Many Somalis opposed this intervention just as they have opposed other foreign intervention in their country since 1991. In an attempt to keep this opposition from Somalia out of the international media there were press reports that the intervention by Kenyan military forces was requested and welcomed by the US-backed Somali Transitional Federal Government (TFG) in Mogadishu. Somali government spokesman Abdirahman Omar Osman said: "The governments of Kenya and Somalia are now cooperating in the fight against al Shabaab, which is an enemy of both countries."
These statements do not hide the reality that all previous incursions by foreign forces have been resisted by the people of Somalia. From the time of the first major deployment of United Nations Operation in Somalia, or UNOSOM, nationalist elements opposed external military intervention.
This phase of external involvement came to a screeching halt after the Black Hawk Down humiliation in October 1993 when US army rangers sent to hunt down Aideed were killed in Mogadishu. After the traumatic experiences of the US soldiers in the so-called Operation Restore Hope of 1993, the experience of Somalia has been trumpeted as an example of how "failed states" provide the breeding ground for terrorism in Africa.

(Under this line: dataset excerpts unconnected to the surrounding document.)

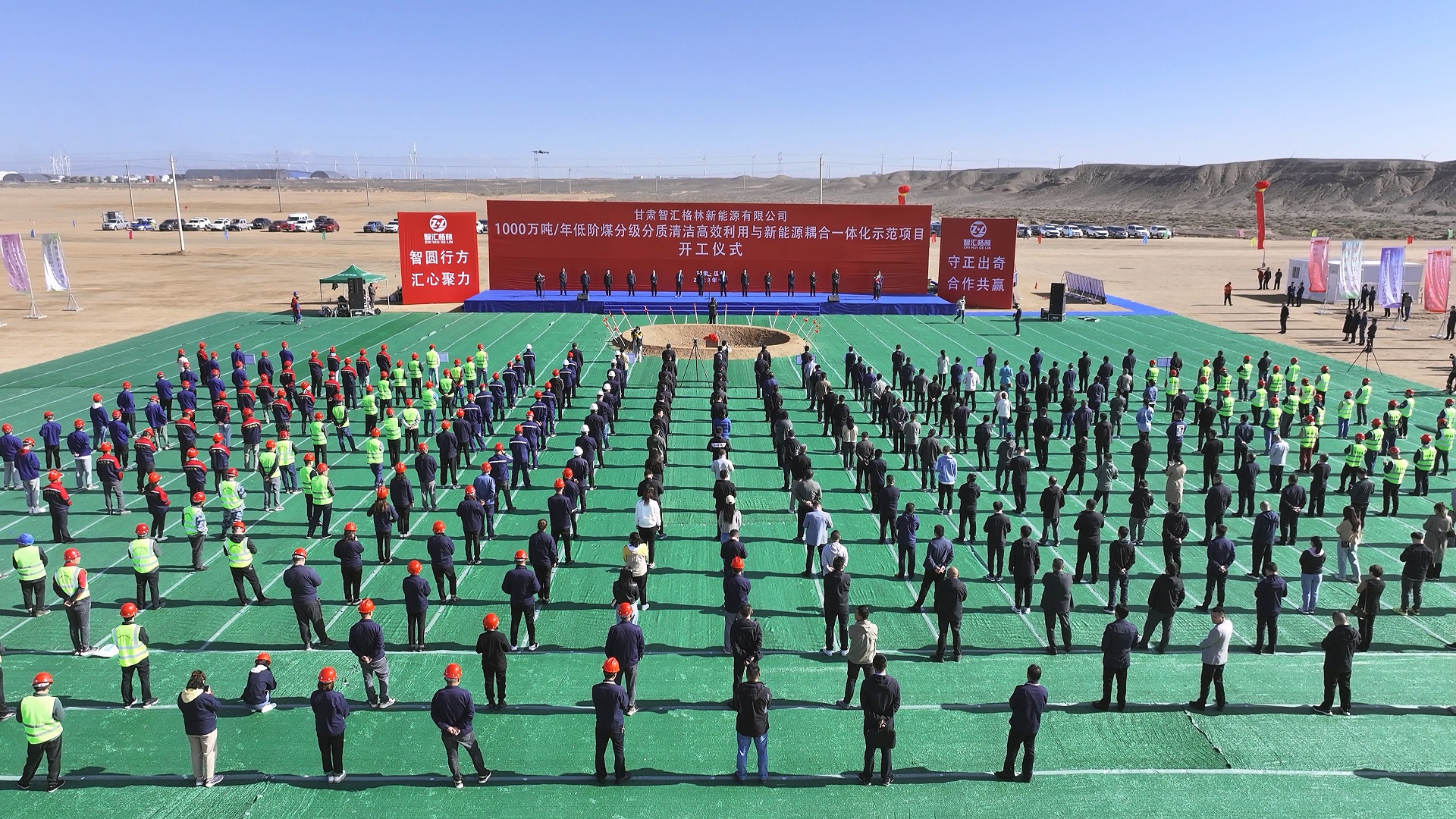 9月25日上午,甘肅智匯格林新能源有限公司1000萬噸/年低階煤分級分質(zhì)清潔高效利用與新能源耦合一體化示范項目開工儀式舉行。酒泉市政府副市長石峰及市直部門,瓜州縣委、縣政府、人大、政協(xié)主要領(lǐng)導(dǎo),業(yè)主甘肅智匯格林新能源公司、總承包單位勝幫科技公司負(fù)責(zé)人,項目施工人員等共500余人參加開工儀式。
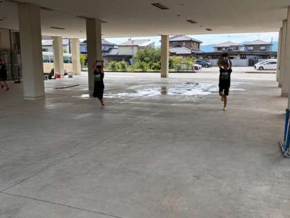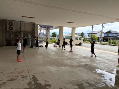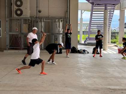 陸上競技部の活動の様子です。 日陰で基礎体力づくりを行いました。
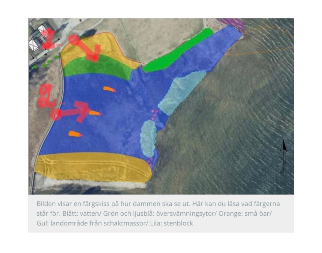 Skiss på den slutgiltiga utformningen av den damm som utgör en del av denna kompensation (fotoplatserna är markerade för de båda bilderna här ovan):
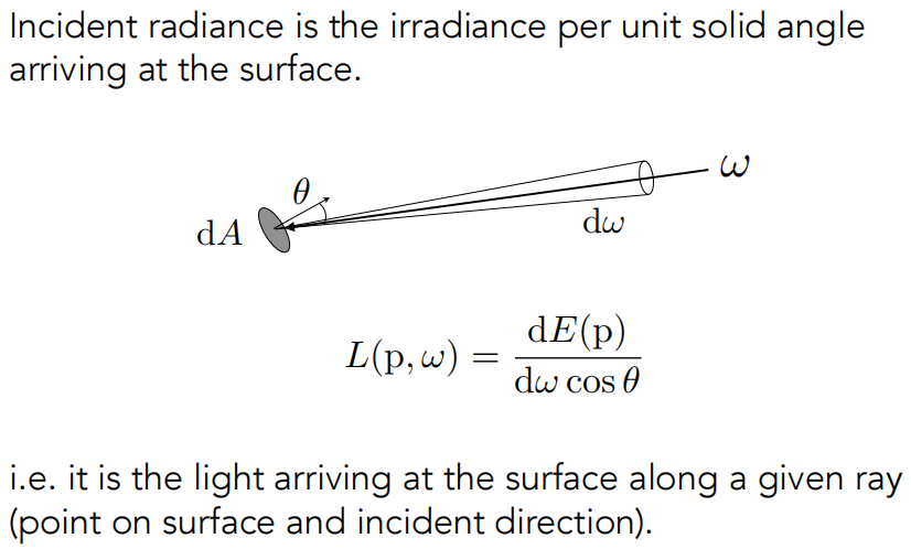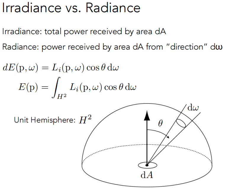 Irradiance 就是这个 dA 收到的所有的能量,Radiance 就是我从某一个方向进来,它让 dA 收到的能量。

Yet, when the people of Somalia moved to stabilise their political situation, the US colluded with the government of Ethiopia to invade Somalia on the grounds that the Union of Islamic Courts was harbouring terrorists. Abdi Samatar, among others, had penetrated the hype behind the Union of Islamic Courts to outline how the fabrication of terrorism supported the US military presence in the Horn.
Bankrupt Policy
Kenyans can now reflect on the changing alliances of the US military inside Somalia before and after the Ethiopians were defeated by nationalist elements. Abdi Samatar has written extensively on the ebb and flow of the fabrication of terrorism and I have earlier drawn from his work. It is again apt to reinforce what Samatar has said of the US counter-terrorism efforts in the Horn. In his argument on how the US fabricated terrorism in the Horn of Africa Samatar wrote:
"The hallmark of America's bankrupt policy is the conspicuous gulf between its democratic rhetoric and its support for thugs, warlords, tyrants, and venal politicians in the Horn of Africa and elsewhere. In the minds of most people in the region American foreign policy and practice has become synonymous with dictatorship and arrogance, and most people believe that those are the core values of the America government. Consequently, the US government has lost the hearts and minds of the Muslim people all over. America's gifts to the Somali people in the last few years have been warlords, an Ethiopian invasion, and an authoritarian, sectarian and incompetent regime."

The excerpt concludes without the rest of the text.